出産のシーンも克明に淡々と書かれている。大学の寮のトイレに駆け込み、力いっぱい何度も息む。

 

榴弾の炸裂のようにあれが飛び出してきて、羊水がほとばしり、ドアまで広がっていった。性器から、ちっちゃな胎児が赤っぽい臍の緒の先に垂れ下がっているのが見えた。

(『嫉妬/事件』から引用)

 

そして友人のOが臍の緒を切る。そして、「わたし」もOも3か月の胎児の生と死が同時に起こった瞬間、生贄の場面に涙を流すのだ。

 

書くことで罪悪感を消し去った

時を経て、この出来事を文章にしたことについてエルノーはこう記している。

 

わたしにとって人間経験の総体のように思えることを、こうして言葉にし終えたわけである。生と死の経験、時間の、道徳とタブーの、法律の、経験、この体を通して始めから終わりまで生きた経験を。(中略)さまざまなことがこの身に起こったのは、それを説明するためなのだということ。それと、わたしの人生の真の目的は、おそらくこういうことでしかないからだ。
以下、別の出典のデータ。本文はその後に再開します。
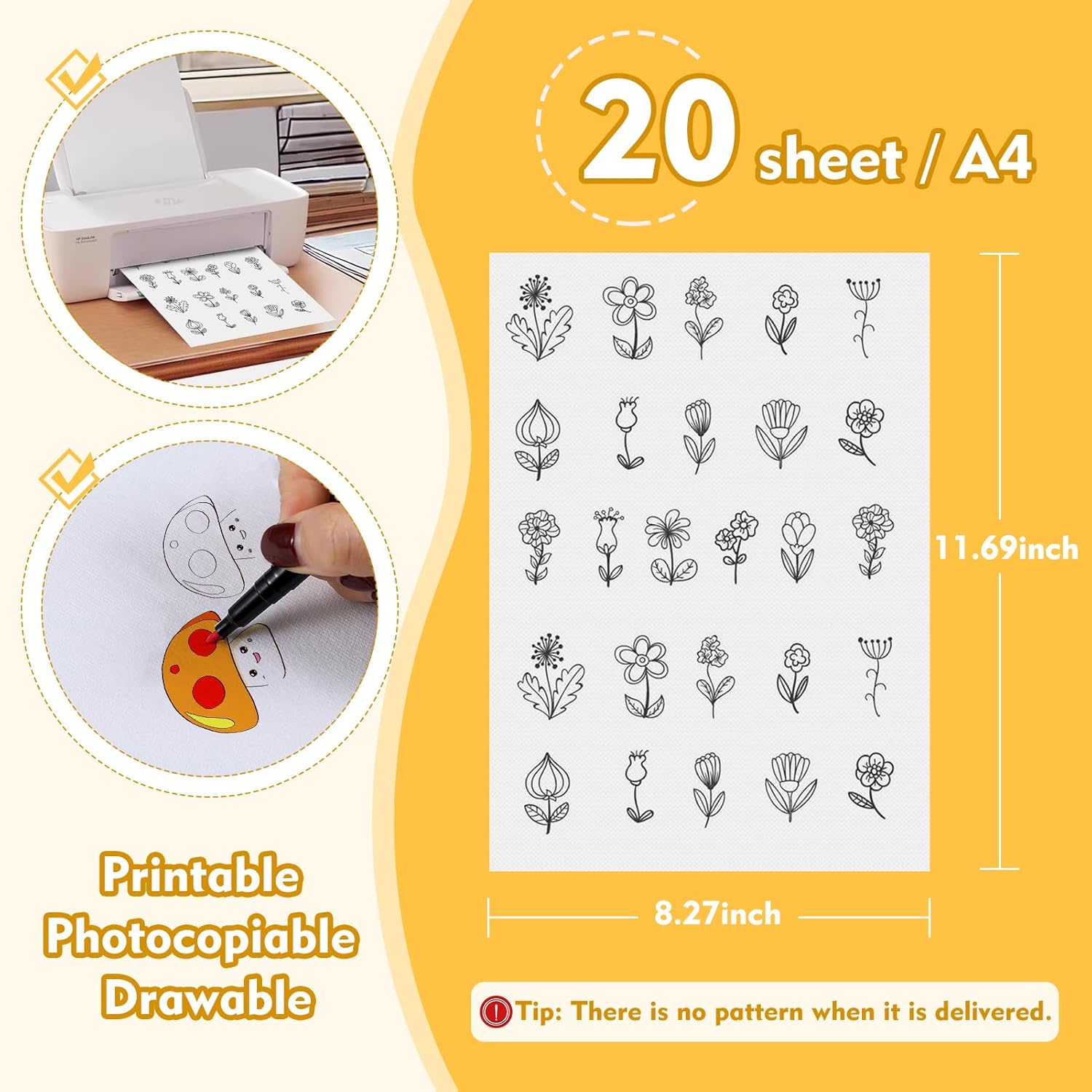 Siumir 20PCS Embroidery Stabilizer, A4 (8.27″x11.69″) Sticky Water Soluble Embroidery Paper Print or Draw Stabilizer for Embroidery by Hand & Machine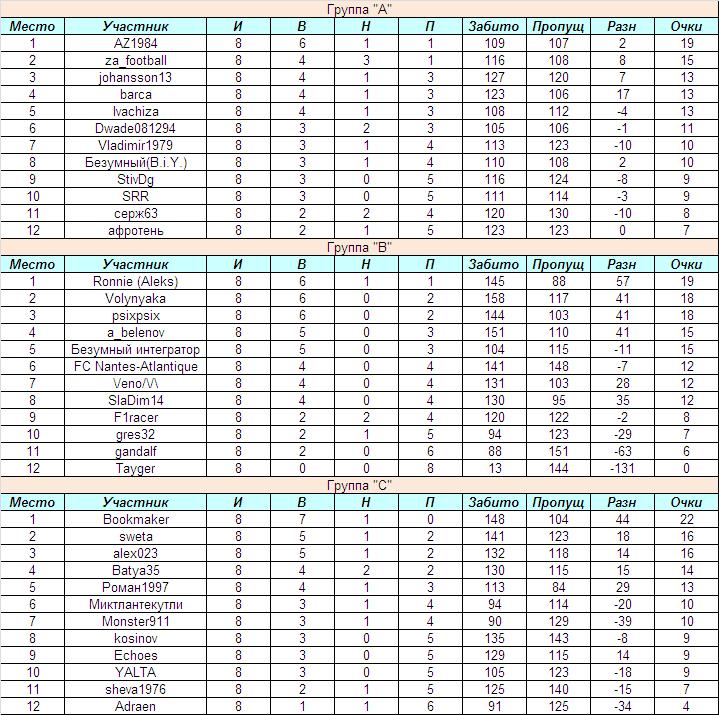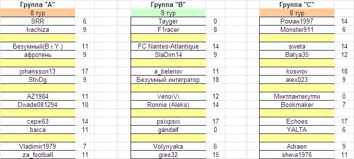 В рамках прошедшего 22-го тура Чемпионата Английской Футбольной Премьер-Лиги состоялись матчи 8-го тура 2 ГЭ Турнира по АПЛ, которые завершились следующим образом:
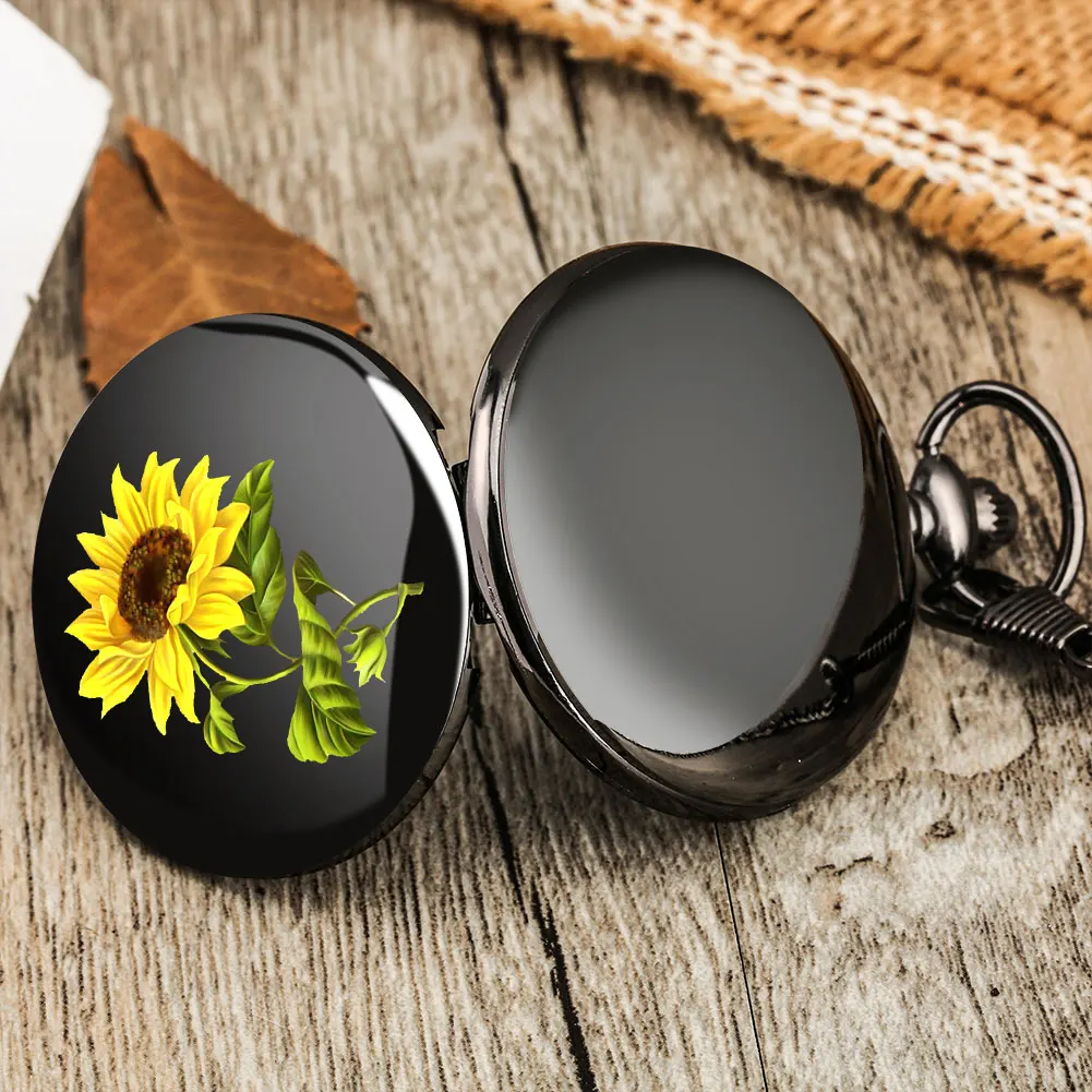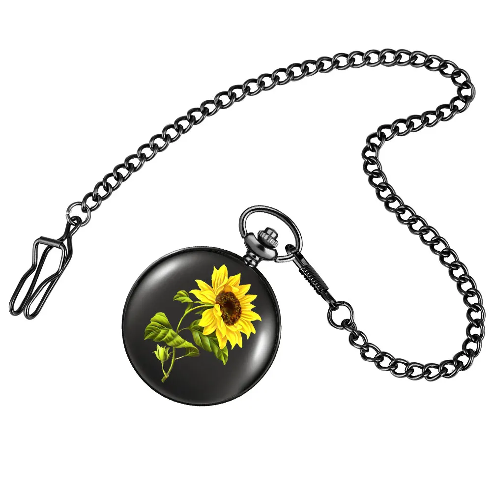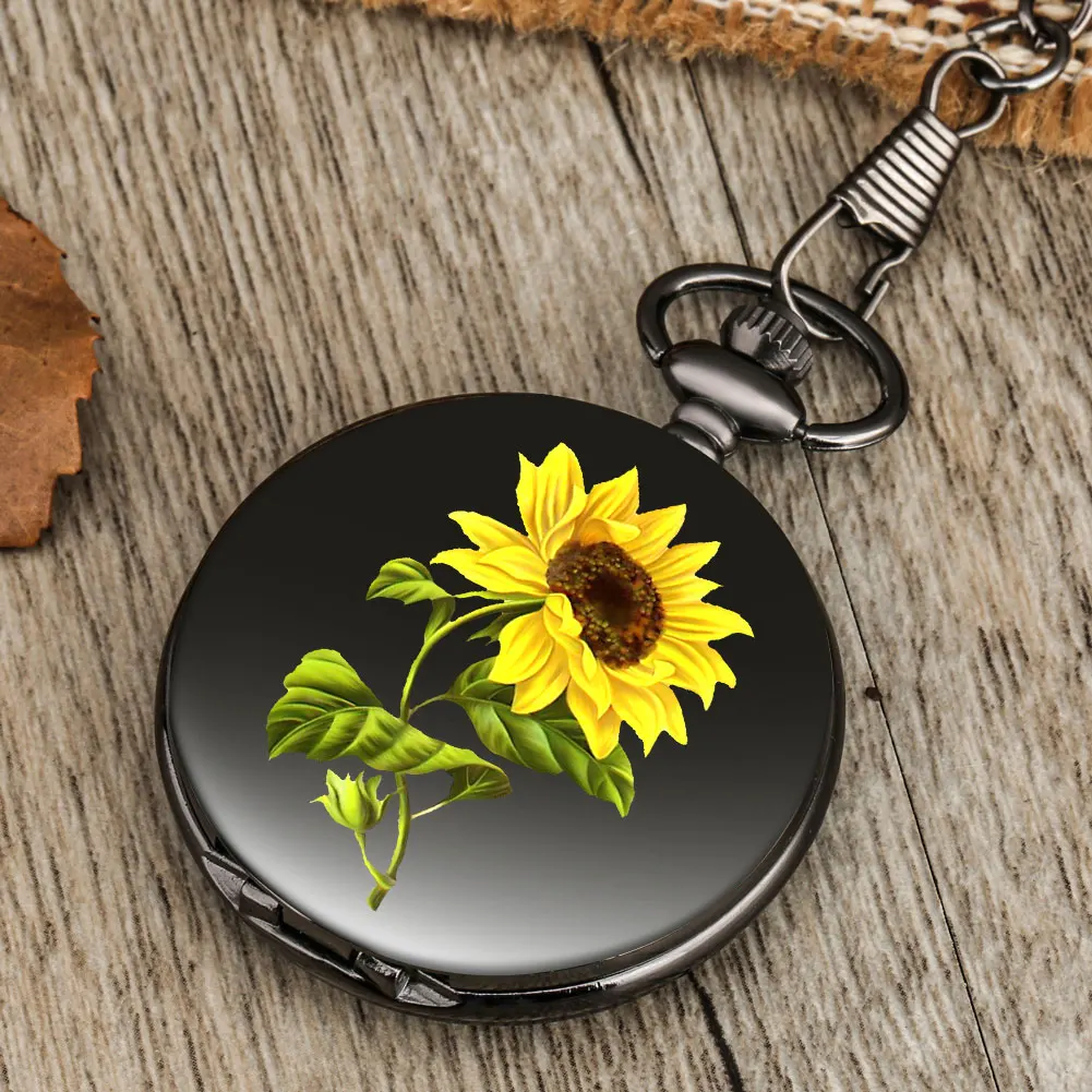 Модные художественные подсолнухи черный корпус кварцевые карманные часы кулон ожерелье 30 см цепочка сплав часы подарок для женщин мужчин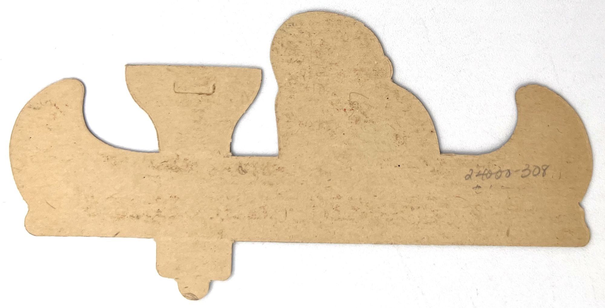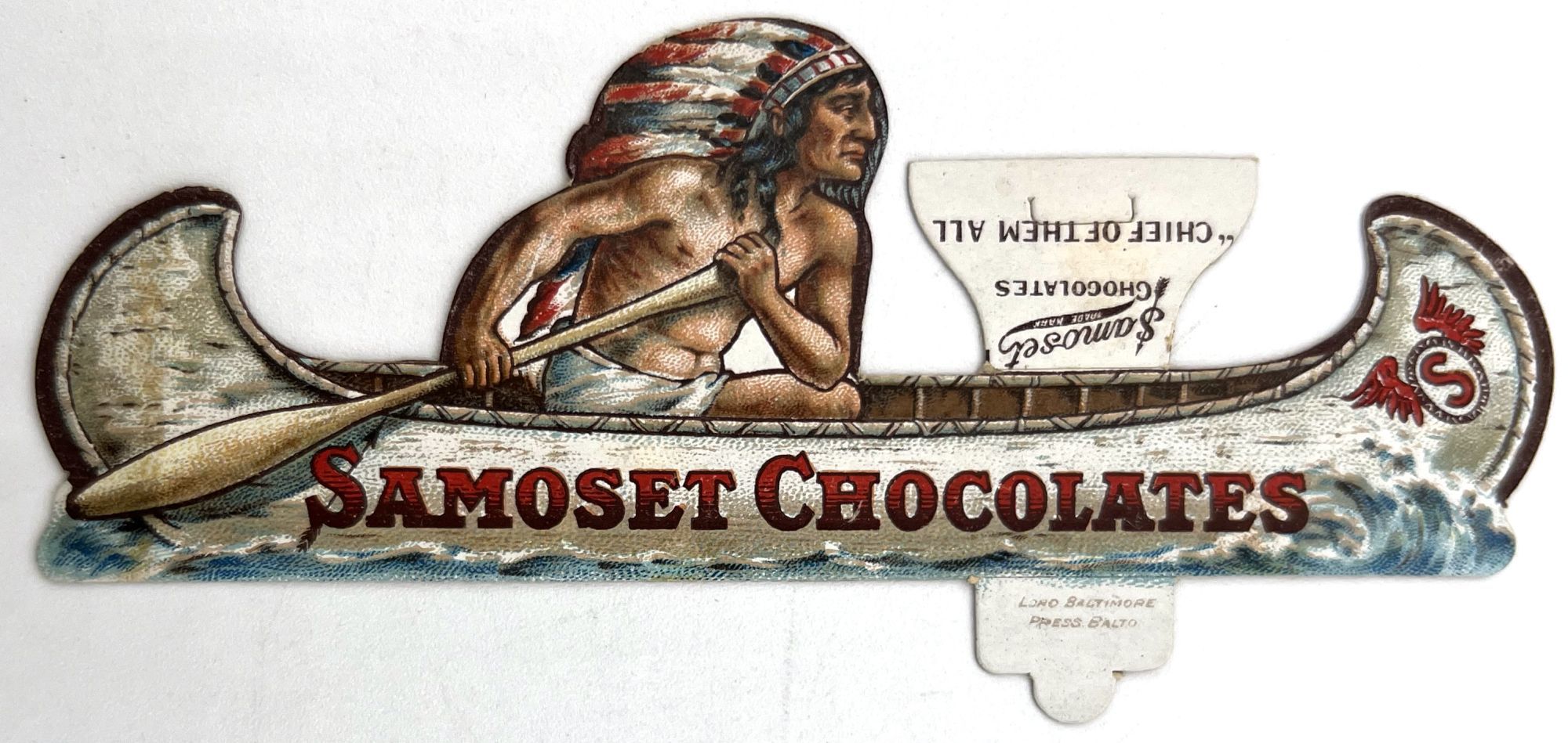 [Boston, Massachusetts]: [Samoset Chocolates Co.], 1900. Near-fine. Light toning to verso.. A self-standing advertising card promoting the Samoset Chocolates brand, using (exploiting?) a stereotypical image of a Native American man in feathered headdress rowing a canoe. Includes two tabs to help the canoe stand upright, with the slogan "Chief of them all" on the upper tab. The brand released at least one other variation of this card, depicting instead a female Native American in a canoe. The brand also produced sturdier plaster models of similar images for display on shop counters. Chromolithographed a pre-die cut, this example has not yet been used or folded. Measures approx. 2" by 5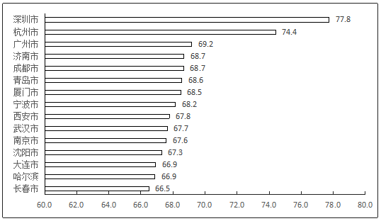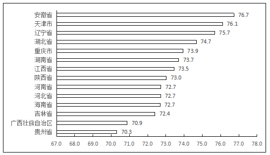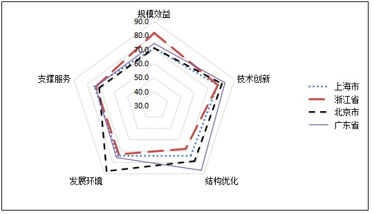 本年領(lǐng)先省份綜合發(fā)展指數(shù)均值為73.8,比上年上升2.5個(gè)分值,技術(shù)創(chuàng)新指數(shù)增長突出,廣東省綜合得分最高;中間省份綜合發(fā)展指數(shù)均值73.5,比上年上升3.4個(gè)分值,規(guī)模發(fā)展指數(shù)增長較快,安徽省綜合得分最高;潛力省份綜合發(fā)展指數(shù)均值65.0,發(fā)展環(huán)境指數(shù)增幅相對較快,山西省綜合得分最高;重點(diǎn)城市綜合發(fā)展指數(shù)均值69.0,比上年提高0.8個(gè)分值,支撐服務(wù)指數(shù)增幅突出,深圳市綜合得分最高。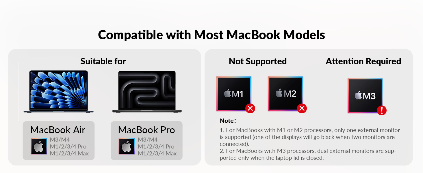 Intel / M1 or M2 (non-Pro/Max): iDock M10 can extend to only one external display. M3 (non-Pro): up to two extended displays when the lid is closed; lid open supports mirroring only.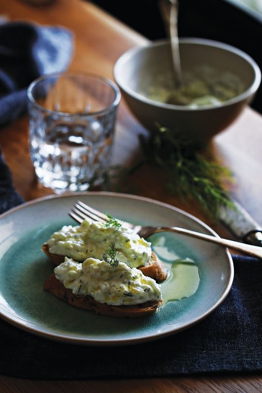 U drugu posudu stavite skutu ili quark, dodajte grčki jogurt ili kiselo vrhnje, posolite pa sve dobro izmiješajte. Dodajte protisnuti češnjak, maslinovo ulje, limunov sok i nasitno nasjeckani kopar pa sve još jednom dobro izmiješajte.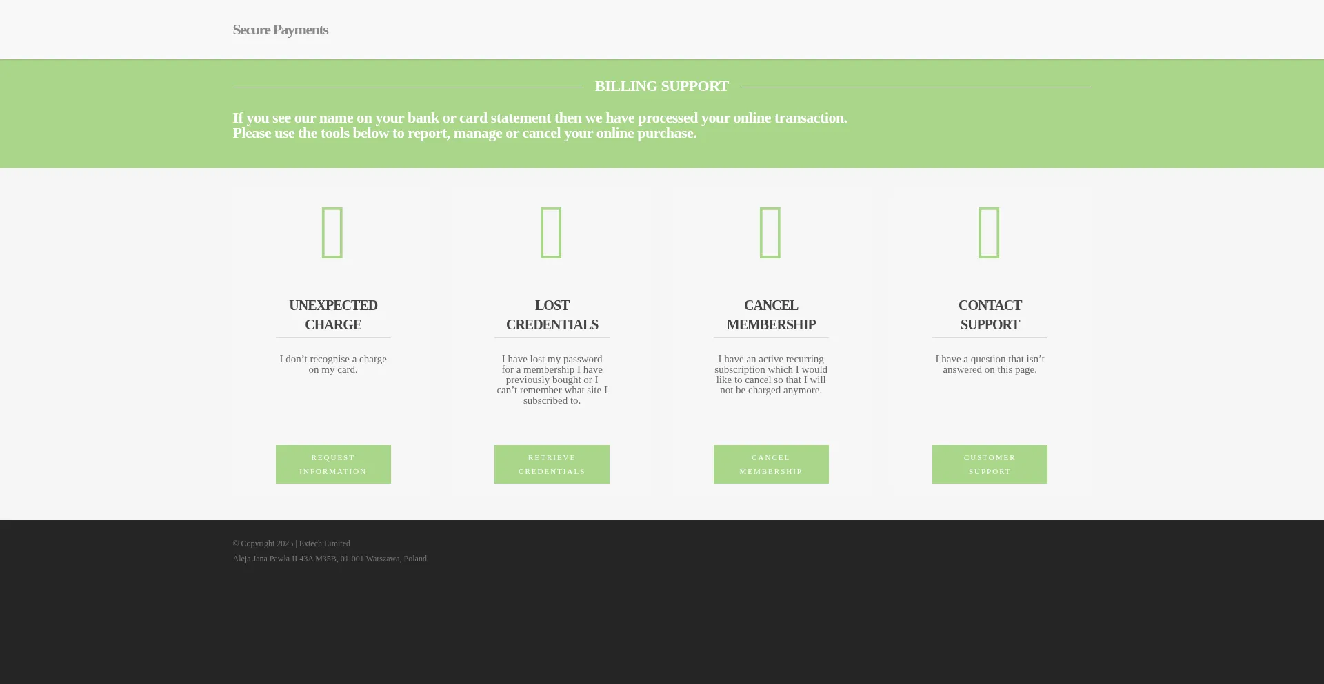 The website contains dedicated sections addressing payment disputes, subscription management, chargeback procedures, refund policies, and other financial transaction concerns, indicating established billing operations.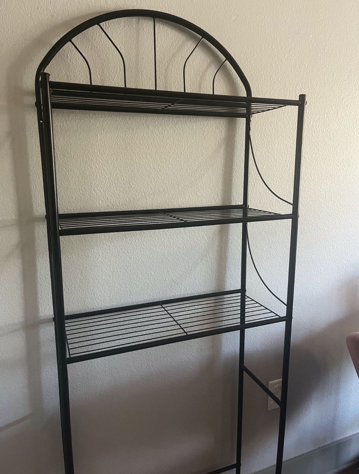Lightweight freestanding shelf with three tiers about 5'5" tall 24" wide 9" deep. Available today SDSU area! tags: shelf, shelves, shelving, storage, display, bookshelf, multi-tiered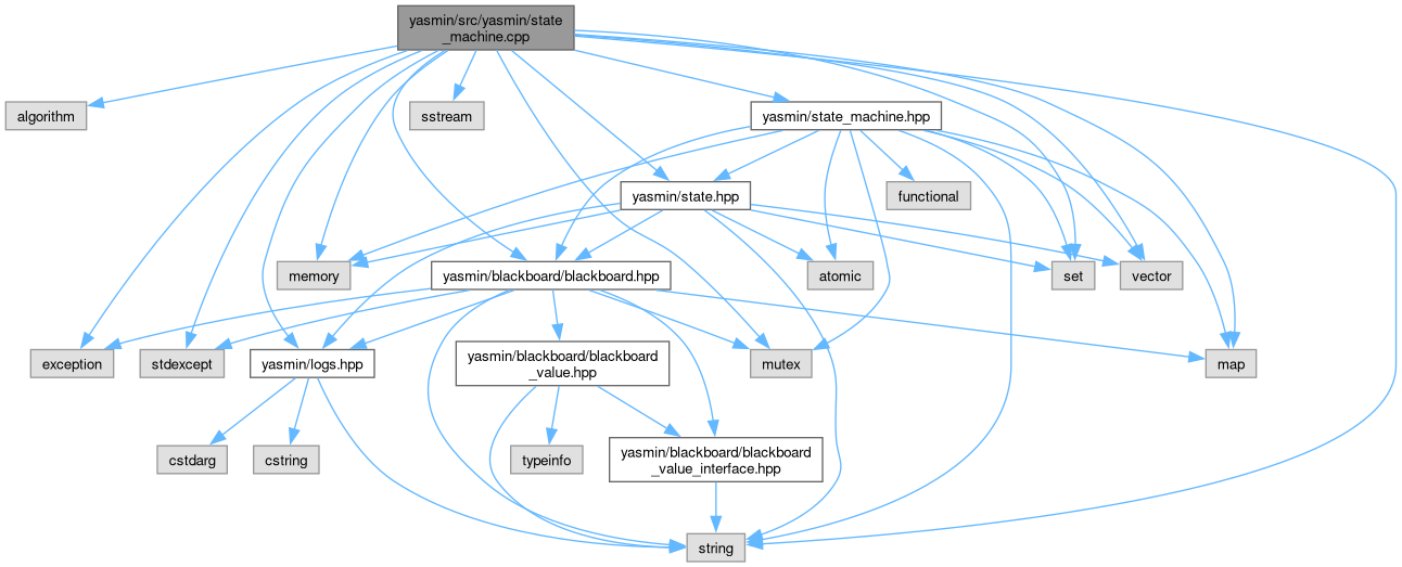 #include <algorithm>#include <exception>#include <map>#include <memory>#include <mutex>#include <set>#include <sstream>#include <stdexcept>#include <string>#include <vector>#include "yasmin/blackboard/blackboard.hpp"#include "yasmin/logs.hpp"#include "yasmin/state.hpp"#include "yasmin/state_machine.hpp"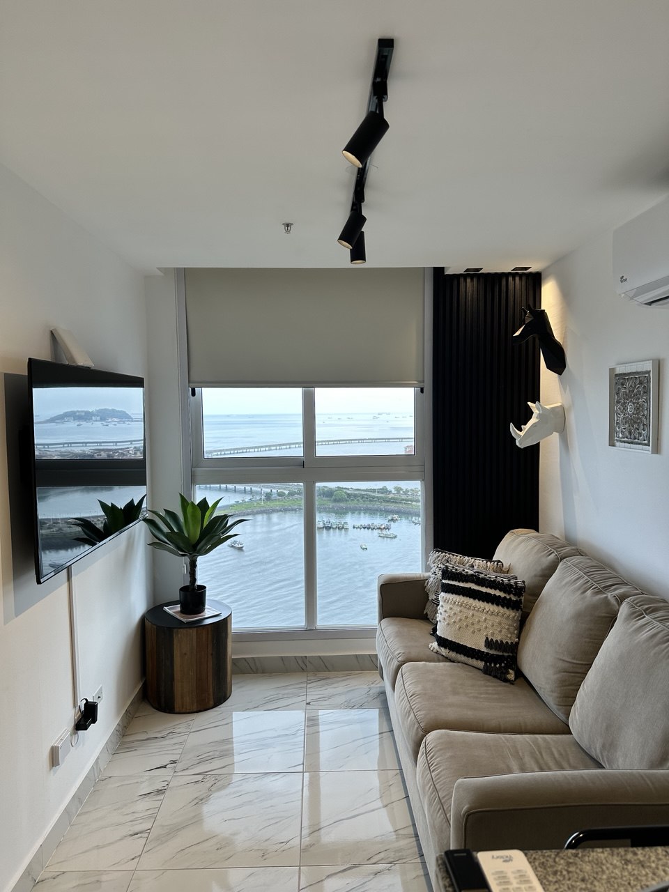Moderno apartamento de lujo en la Cinta Costera, ideal para ejecutivos, parejas o familias. Dormitorio amplio con vista al mar, baño privado, cocina y electrodomésticos. Diseño elegante con seguridad 24/7, gimnasio, piscinas, 4 restaurantes, bar y Sky Lounge. Ubicación privilegiada cerca de supermercados y excelente oferta gastronómica en Ciudad de Panamá. PANAMA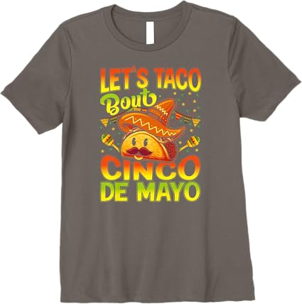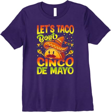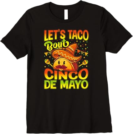 • Fun Cinco De Mayo Design: Celebrate Mexican culture and heritage with the playful “Let’s Taco Bout” design, perfect for both men and women. Show off your festive spirit at Cinco De Mayo parties or any casual gathering.

わたしの体、感覚、思考を、書く行為によって ━言い換えれば、一般的に理解できるものによって ━ほかの人たちの頭と人生のなかに完全に溶け込む、わたしの存在にするということ。

(『嫉妬/事件』から引用)

 

すべての女性が自由意志で産むか産まないかを選択できる権利の重要性を、『事件』は私たちに切々と伝えてくれているのだ。

 

『事件』があまりに衝撃的なのでそればかり書いてしまったが、本書の『嫉妬』に関してもエルノーは嫉妬に囚われた想像界を克明に見事に表現している。

 

ノーベル賞受賞作家の話題作2篇が収録された本書、バッグやコートのポケットに入れて持ち歩ける文庫なので、すき間時間の読書におすすめだ。

 

【書籍紹介】

嫉妬/事件

著者:アニー・エルノー
発行:早川書房

別れた男が他の女と暮らすと知り、私はそのことしか考えられなくなる。どこに住むどんな女なのか、あらゆる手段を使って狂ったように特定しようとしたがー。妄執に取り憑かれた自己を冷徹に描く「嫉妬」。1963年、中絶が違法だった時代のフランスで、妊娠してしまったものの、赤ん坊を堕ろして学業を続けたい大学生の苦悩と葛藤、闇で行われていた危険な堕胎の実態を克明に描く「事件」を合わせて収録。